P_ID  PRODUCT_NAME     O_ID  QTY  DEF_Q  RANGE_Q  ROWS_Q 4280  Hoppy Crude Oil  423   60   120    120      60 4280  Hoppy Crude Oil  427   60   120    120      120 4280  Hoppy Crude Oil  422   80   280    280      200 4280  Hoppy Crude Oil  429   80   280    280      280 4280  Hoppy Crude Oil  428   90   370    370      370 4280  Hoppy Crude Oil  421   110  480    480      480 6600  Hazy Pink Cloud  424   16   32     32       16 6600  Hazy Pink Cloud  426   16   32     32       32 6600  Hazy Pink Cloud  425   24   56     56       56

Yes, if you have an order_by_clause, the default for the windowing_clause is range between unbounded preceding and current row.

I have seen many blog and forum posts showing a running total as something like sum(col1) over (order by col2) and leaving it at that. And when you test your code with this default window, often you get the result you expect, as the difference in output only occurs when there are duplicates in the values. So you might not spot the error until the code has gone into production.

Note

It is not just a problem when there are duplicate values. Even if your order by is unique, using default range between windows for running totals can potentially incur some overhead by evaluation of the analytic function, impacting performance. This is because rows between can be executed more optimally by the SQL engine, while range between requires the SQL engine to “look ahead” in the rows and see if possibly any following rows have the same value. For more detailed explanation of this, see a blog post I did a while back: www.kibeha.dk/2013/02/rows-versus-default-range-in-analytic.html.

In my opinion, the default ought to have been rows between, as in my experience, this is by far the most used window specification. It is very often I use rows between and only once in a rare while range between.

So my best practice rule of thumb is that whenever I have an order by clause, I always explicitly write the windowing clause, never relying on the default. Even for those rare cases where my window actually happens to be range between unbounded preceding and current row, I still write it explicitly. This tells the future me, or any developers maintaining my code in the future, that the range between is desired.

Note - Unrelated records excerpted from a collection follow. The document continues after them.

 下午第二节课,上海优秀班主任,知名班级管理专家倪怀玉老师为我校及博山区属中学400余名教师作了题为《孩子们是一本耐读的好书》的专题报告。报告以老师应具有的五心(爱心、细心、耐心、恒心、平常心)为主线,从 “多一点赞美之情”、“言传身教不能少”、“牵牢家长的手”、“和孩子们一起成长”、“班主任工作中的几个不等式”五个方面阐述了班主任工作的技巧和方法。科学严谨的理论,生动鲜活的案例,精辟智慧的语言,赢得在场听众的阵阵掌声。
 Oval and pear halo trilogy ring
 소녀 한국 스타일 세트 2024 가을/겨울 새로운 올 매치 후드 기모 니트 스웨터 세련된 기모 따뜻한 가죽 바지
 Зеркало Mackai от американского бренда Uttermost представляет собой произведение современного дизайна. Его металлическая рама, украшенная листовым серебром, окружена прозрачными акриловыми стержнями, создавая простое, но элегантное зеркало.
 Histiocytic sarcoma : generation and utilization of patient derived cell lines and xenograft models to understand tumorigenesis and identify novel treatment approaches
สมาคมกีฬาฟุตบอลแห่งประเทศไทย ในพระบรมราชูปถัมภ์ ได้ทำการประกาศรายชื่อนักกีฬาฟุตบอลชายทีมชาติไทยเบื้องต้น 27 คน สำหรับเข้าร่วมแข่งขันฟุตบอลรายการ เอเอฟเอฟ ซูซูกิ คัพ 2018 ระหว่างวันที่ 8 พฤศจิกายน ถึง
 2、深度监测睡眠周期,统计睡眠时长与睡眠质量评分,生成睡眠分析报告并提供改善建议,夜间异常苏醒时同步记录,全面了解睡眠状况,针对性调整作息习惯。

If I see code where the windowing clause is absent, I always wonder if it is really meant to be range between or if it is simply a misunderstood copy-paste from a forum post.

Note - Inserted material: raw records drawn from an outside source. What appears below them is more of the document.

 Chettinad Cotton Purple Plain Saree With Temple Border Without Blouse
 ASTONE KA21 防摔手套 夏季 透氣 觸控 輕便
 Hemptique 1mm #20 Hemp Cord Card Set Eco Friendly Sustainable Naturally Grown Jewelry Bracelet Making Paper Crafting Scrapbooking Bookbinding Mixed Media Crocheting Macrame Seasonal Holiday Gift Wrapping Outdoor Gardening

This applies only to analytic functions that support the windowing clause, of course. And I also do not use it if my window is the entire partition, then I simply omit order by and windowing clause rather than write rows between unbounded preceding and unbounded following.

But even though Listing 11-5 adheres to this rule of thumb, there is another issue with it: the fact that it is possibly to get a different output from the same data in different executions of the code, because the rows with duplicate values might be in different order in the output depending on the access plan used by the optimizer.

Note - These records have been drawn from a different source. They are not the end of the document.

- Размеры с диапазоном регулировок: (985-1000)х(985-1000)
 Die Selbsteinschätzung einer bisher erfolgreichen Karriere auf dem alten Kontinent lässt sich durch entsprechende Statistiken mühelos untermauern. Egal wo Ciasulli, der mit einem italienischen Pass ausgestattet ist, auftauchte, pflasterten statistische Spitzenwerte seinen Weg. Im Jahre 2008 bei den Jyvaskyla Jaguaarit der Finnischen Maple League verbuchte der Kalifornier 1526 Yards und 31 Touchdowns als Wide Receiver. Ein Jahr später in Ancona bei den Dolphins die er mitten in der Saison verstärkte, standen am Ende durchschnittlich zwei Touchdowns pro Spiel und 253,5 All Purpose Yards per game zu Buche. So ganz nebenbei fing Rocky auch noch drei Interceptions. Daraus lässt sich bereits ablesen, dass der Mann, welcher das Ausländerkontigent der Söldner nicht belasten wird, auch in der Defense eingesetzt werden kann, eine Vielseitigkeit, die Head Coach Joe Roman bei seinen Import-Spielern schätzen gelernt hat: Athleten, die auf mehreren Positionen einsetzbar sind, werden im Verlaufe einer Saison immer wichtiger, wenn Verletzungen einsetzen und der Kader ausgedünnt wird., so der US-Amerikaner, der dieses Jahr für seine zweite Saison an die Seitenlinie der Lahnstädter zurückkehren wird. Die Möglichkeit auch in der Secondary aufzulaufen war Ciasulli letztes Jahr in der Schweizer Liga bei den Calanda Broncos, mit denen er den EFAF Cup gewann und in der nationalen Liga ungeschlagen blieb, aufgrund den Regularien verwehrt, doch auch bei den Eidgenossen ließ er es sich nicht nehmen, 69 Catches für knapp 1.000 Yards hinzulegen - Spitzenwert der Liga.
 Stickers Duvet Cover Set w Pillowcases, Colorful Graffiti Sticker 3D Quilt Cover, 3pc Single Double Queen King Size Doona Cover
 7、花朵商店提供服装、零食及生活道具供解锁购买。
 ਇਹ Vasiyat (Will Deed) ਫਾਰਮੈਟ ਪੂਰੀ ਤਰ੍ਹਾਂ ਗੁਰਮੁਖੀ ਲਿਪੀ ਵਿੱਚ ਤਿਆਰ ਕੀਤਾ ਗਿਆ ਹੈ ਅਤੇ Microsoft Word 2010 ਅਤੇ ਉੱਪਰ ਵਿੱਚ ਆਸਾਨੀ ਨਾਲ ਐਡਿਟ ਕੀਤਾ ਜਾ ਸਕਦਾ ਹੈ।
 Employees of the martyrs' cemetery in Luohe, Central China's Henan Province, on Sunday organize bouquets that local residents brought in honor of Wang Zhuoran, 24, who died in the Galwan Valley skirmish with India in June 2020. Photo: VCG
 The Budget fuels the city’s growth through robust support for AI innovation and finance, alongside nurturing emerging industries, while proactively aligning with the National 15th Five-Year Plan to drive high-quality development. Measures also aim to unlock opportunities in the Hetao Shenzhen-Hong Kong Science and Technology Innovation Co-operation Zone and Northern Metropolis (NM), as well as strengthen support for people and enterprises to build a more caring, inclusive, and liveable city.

This issue does not strictly influence the correctness of the solution, but users are liable to question the correctness when they observe different outputs (even if both outputs are correct). So I make it my best practice to make the combination of the columns used in partition by and order by unique in the analytic function (when using rows between, not applicable to range between). This makes the output deterministic, so the user can verify he gets the same result in each run.

Listing 11-9 represents both these best practices for doing running totals.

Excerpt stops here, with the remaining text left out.